### Stored data:
┌────────

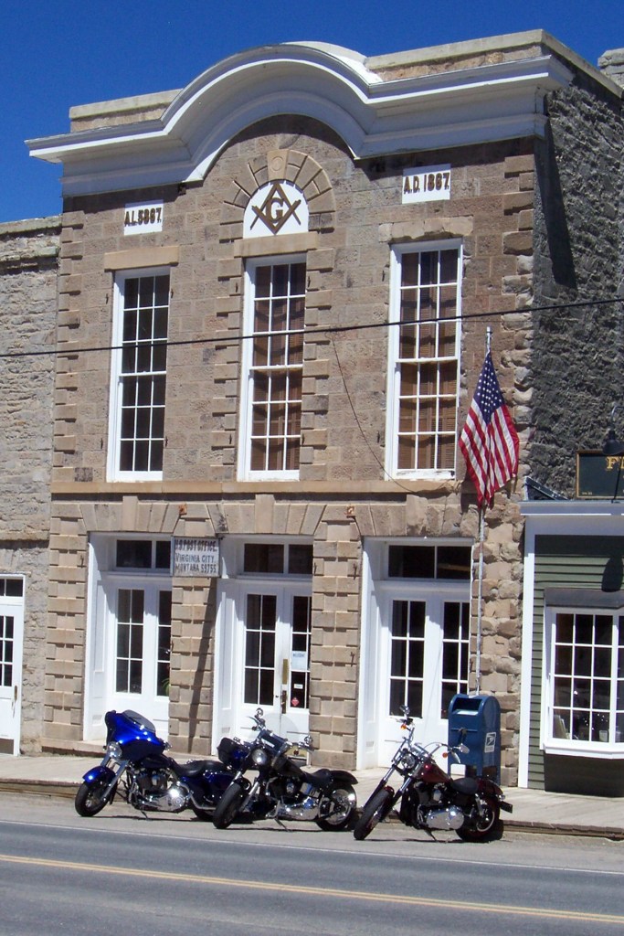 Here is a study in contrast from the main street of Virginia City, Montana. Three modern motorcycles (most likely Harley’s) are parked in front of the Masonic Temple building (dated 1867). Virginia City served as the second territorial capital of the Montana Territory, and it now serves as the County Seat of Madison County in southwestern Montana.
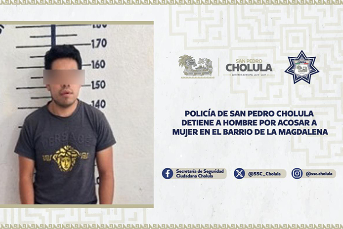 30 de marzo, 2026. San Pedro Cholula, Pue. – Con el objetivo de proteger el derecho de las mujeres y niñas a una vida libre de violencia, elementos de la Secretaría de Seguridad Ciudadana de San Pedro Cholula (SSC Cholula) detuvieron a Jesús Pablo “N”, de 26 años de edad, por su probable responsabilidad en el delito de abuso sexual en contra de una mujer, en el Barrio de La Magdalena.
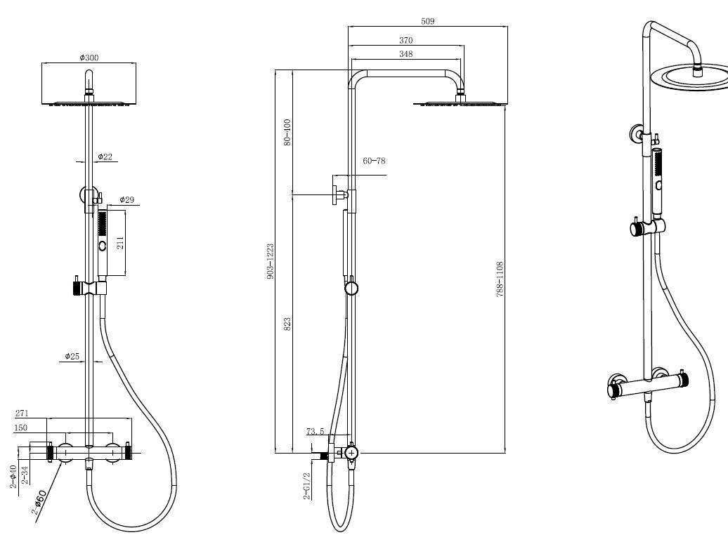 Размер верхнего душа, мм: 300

└────────
┌────────

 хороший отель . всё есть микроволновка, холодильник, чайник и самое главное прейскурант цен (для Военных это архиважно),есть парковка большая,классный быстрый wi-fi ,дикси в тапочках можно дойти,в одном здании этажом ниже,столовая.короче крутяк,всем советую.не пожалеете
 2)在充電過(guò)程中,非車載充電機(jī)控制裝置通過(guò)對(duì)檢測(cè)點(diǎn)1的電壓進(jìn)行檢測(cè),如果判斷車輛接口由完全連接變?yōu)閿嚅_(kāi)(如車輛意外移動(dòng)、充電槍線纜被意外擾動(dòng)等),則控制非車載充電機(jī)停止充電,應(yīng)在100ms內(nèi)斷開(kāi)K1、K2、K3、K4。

└────────

### Task instructions:
Write back the stretch of lines above that begins with the line holding "Here is a study" and ends with the line holding "Размер верхнего душа, мм: 300", both included, exactly as written. Pictures stay out.

### Output:
 Here is a study in contrast from the main street of Virginia City, Montana. Three modern motorcycles (most likely Harley’s) are parked in front of the Masonic Temple building (dated 1867). Virginia City served as the second territorial capital of the Montana Territory, and it now serves as the County Seat of Madison County in southwestern Montana.
 30 de marzo, 2026. San Pedro Cholula, Pue. – Con el objetivo de proteger el derecho de las mujeres y niñas a una vida libre de violencia, elementos de la Secretaría de Seguridad Ciudadana de San Pedro Cholula (SSC Cholula) detuvieron a Jesús Pablo “N”, de 26 años de edad, por su probable responsabilidad en el delito de abuso sexual en contra de una mujer, en el Barrio de La Magdalena.
 Размер верхнего душа, мм: 300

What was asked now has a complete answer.